*** Exercise material Section Begins ***

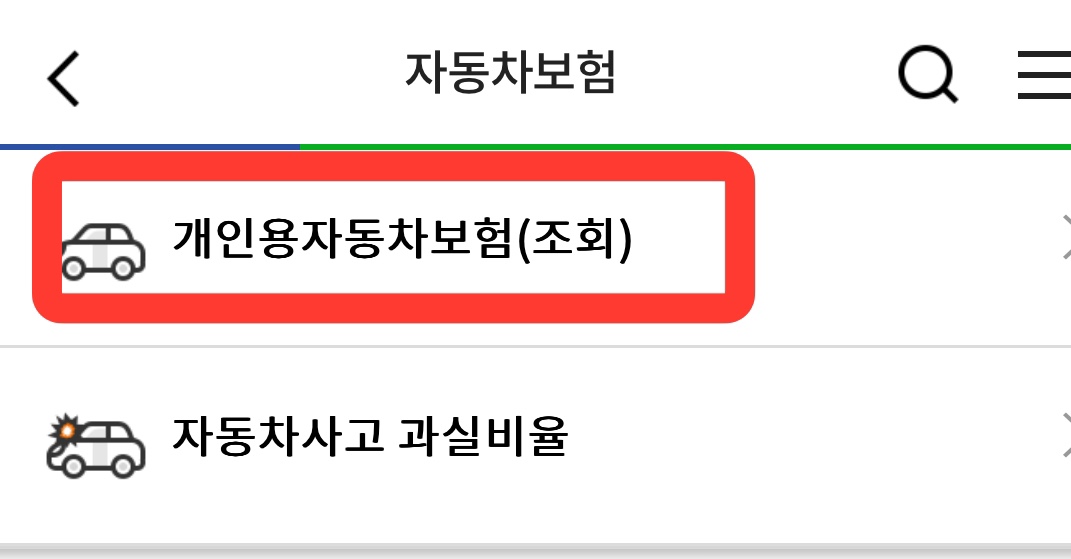2) 개인용자동차보험(조회) 버튼을 눌러주세요.
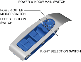 • The power outer mirror switch consists of the following parts.
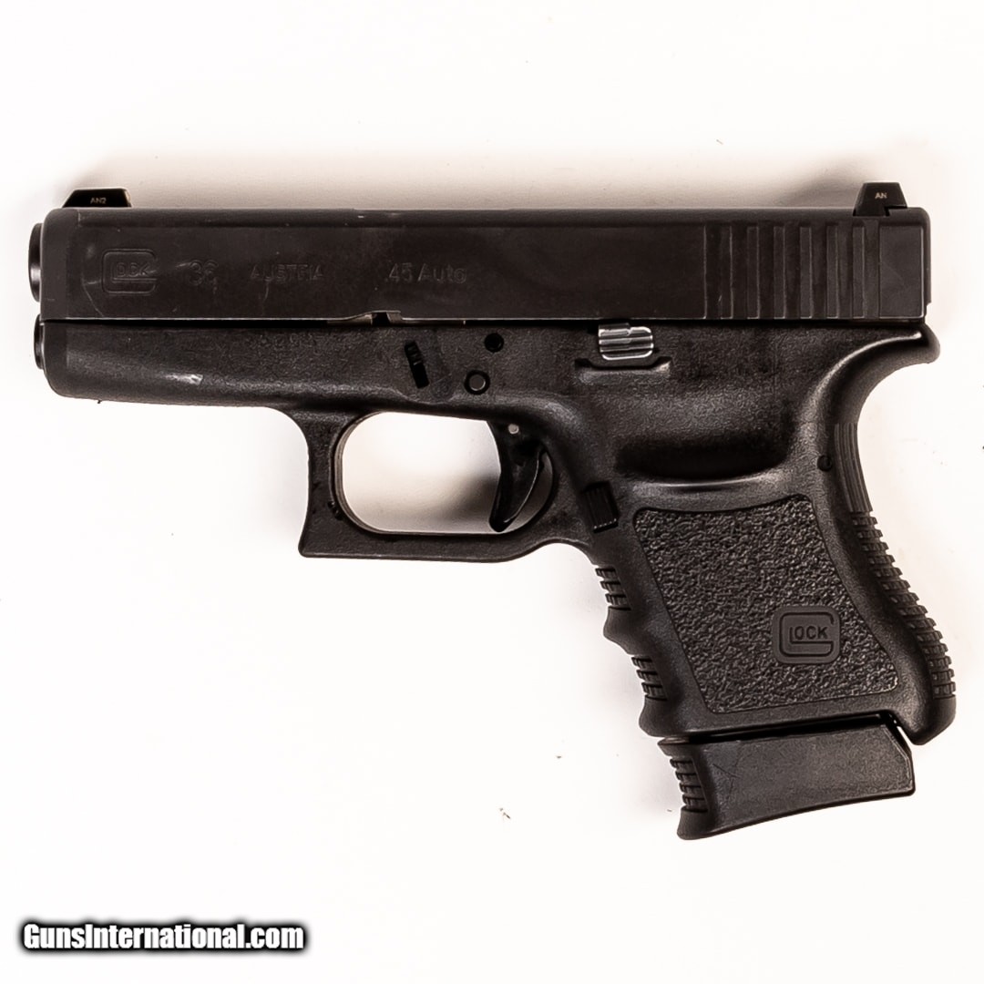 Description: Guns Listing ID: 562844 Powerful and compact, the Glock 36 makes an excellent option for concealed carry or a great backup pistol. This handgun features two 6-round magazines, night sights, and the orignal case with the manual. SOLD Manufacturer: GLOCK Model: G36 GEN 3 Caliber Info: .45 ACP Condition: Used - Certified Barrels: 3.78" BARREL |
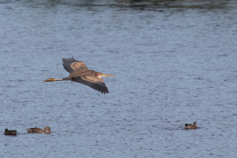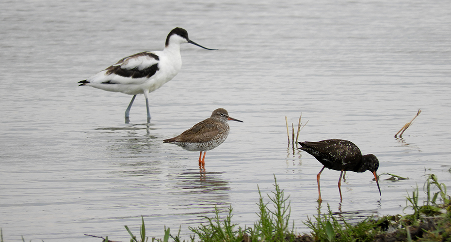 Als titel gebruikte ik ‘Vriendelijke mensen in de kijkhut’ en dat heeft een reden. Je kunt het soms treffen dat mensen c.q. vogelaars allesbehalve vriendelijk zijn. Of ze zeggen geen woord of ze kletsen honderduit als ze hun buit binnen hebben. Deze keer troffen we vriendelijke mensen. Een man en een vrouw waren echte vogelaars, er ontging hen werkelijk niets en daarbij wisten ze alles op naam te brengen. En wat nog het mooiste was, ze waren bereid om het allemaal met ons te delen. Op onderstaande foto staat links een putter, een juveniel. In het midden vliegt een grote stern op de rechter foto vliegt een bruine kiekendief.
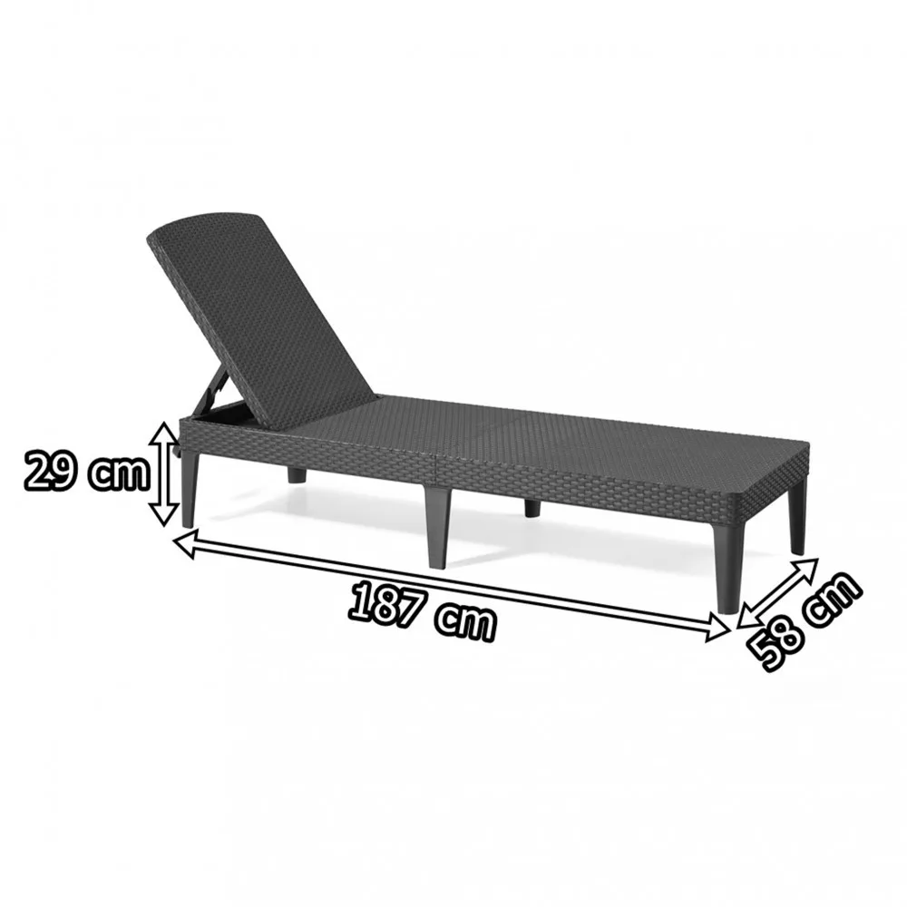 Leżak ma elegancki wygląd przypominający technorattan, różnica jest widoczna tylko z bliska. Leżak składany Jaipur posiada regulowane czterostopniowe oparcie, które można dowolnie ustawiać.
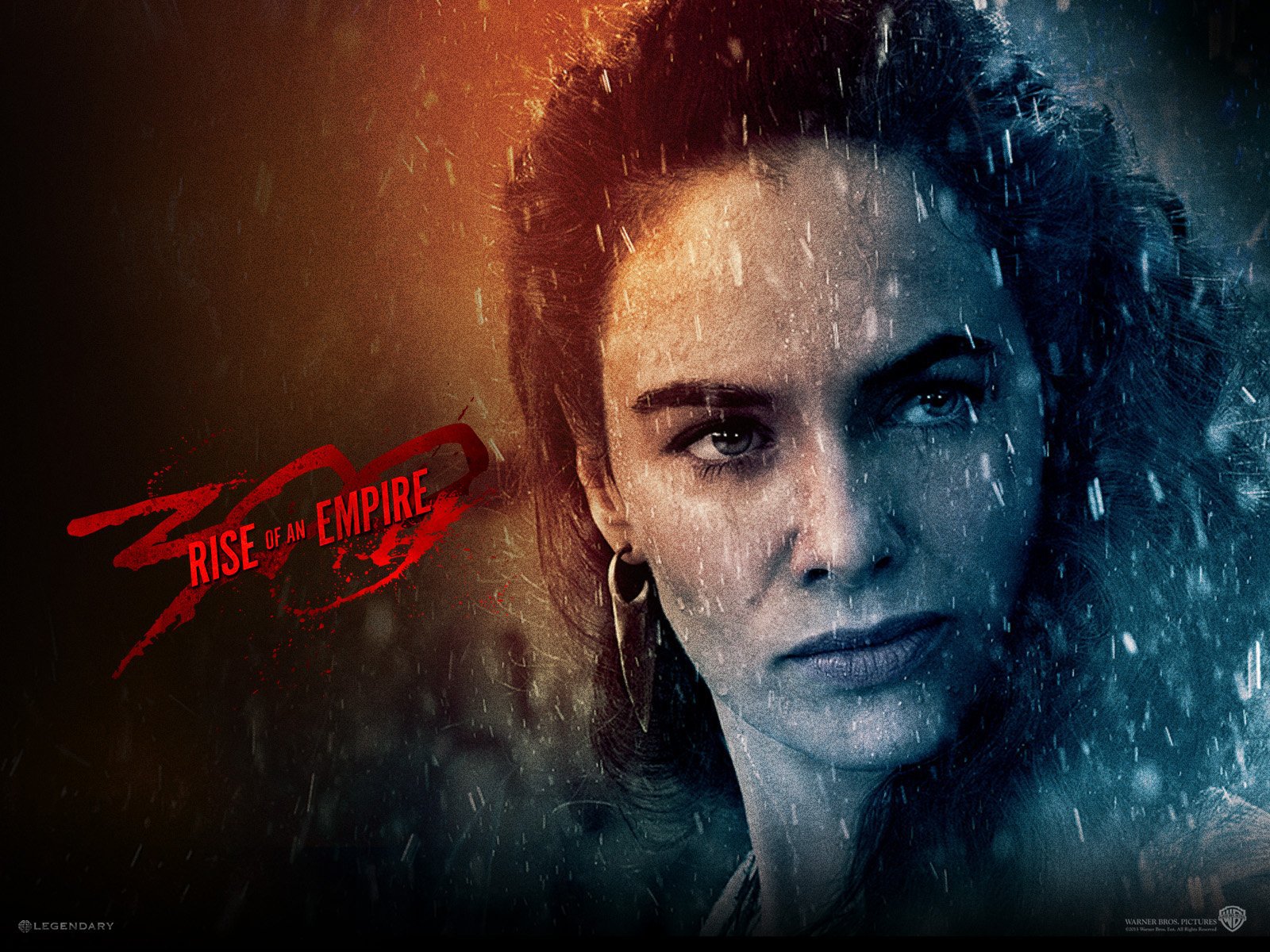 Description: A woman with a black top and a red and black background with the words 300 rise of an empire.
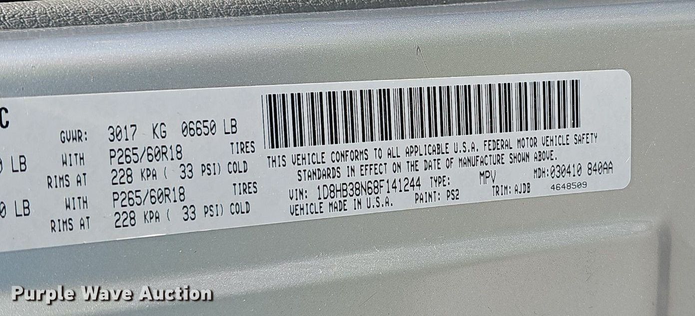 Purple Wave is selling a used Passenger Vehicle in Missouri. This item is a 2008 Dodge Durango SUV with the following: Miles: 137,931 on odometer, VIN: 1D8HB38N68F141244

*** Exercise material Section Ends ***

## Task brief
The records above should be repeated exactly, with every picture omitted.

## Exercise solution
2) 개인용자동차보험(조회) 버튼을 눌러주세요.
 • The power outer mirror switch consists of the following parts.
 Description: Guns Listing ID: 562844 Powerful and compact, the Glock 36 makes an excellent option for concealed carry or a great backup pistol. This handgun features two 6-round magazines, night sights, and the orignal case with the manual. SOLD Manufacturer: GLOCK Model: G36 GEN 3 Caliber Info: .45 ACP Condition: Used - Certified Barrels: 3.78" BARREL |
 Als titel gebruikte ik ‘Vriendelijke mensen in de kijkhut’ en dat heeft een reden. Je kunt het soms treffen dat mensen c.q. vogelaars allesbehalve vriendelijk zijn. Of ze zeggen geen woord of ze kletsen honderduit als ze hun buit binnen hebben. Deze keer troffen we vriendelijke mensen. Een man en een vrouw waren echte vogelaars, er ontging hen werkelijk niets en daarbij wisten ze alles op naam te brengen. En wat nog het mooiste was, ze waren bereid om het allemaal met ons te delen. Op onderstaande foto staat links een putter, een juveniel. In het midden vliegt een grote stern op de rechter foto vliegt een bruine kiekendief.
 Leżak ma elegancki wygląd przypominający technorattan, różnica jest widoczna tylko z bliska. Leżak składany Jaipur posiada regulowane czterostopniowe oparcie, które można dowolnie ustawiać.
 Description: A woman with a black top and a red and black background with the words 300 rise of an empire.
 Purple Wave is selling a used Passenger Vehicle in Missouri. This item is a 2008 Dodge Durango SUV with the following: Miles: 137,931 on odometer, VIN: 1D8HB38N68F141244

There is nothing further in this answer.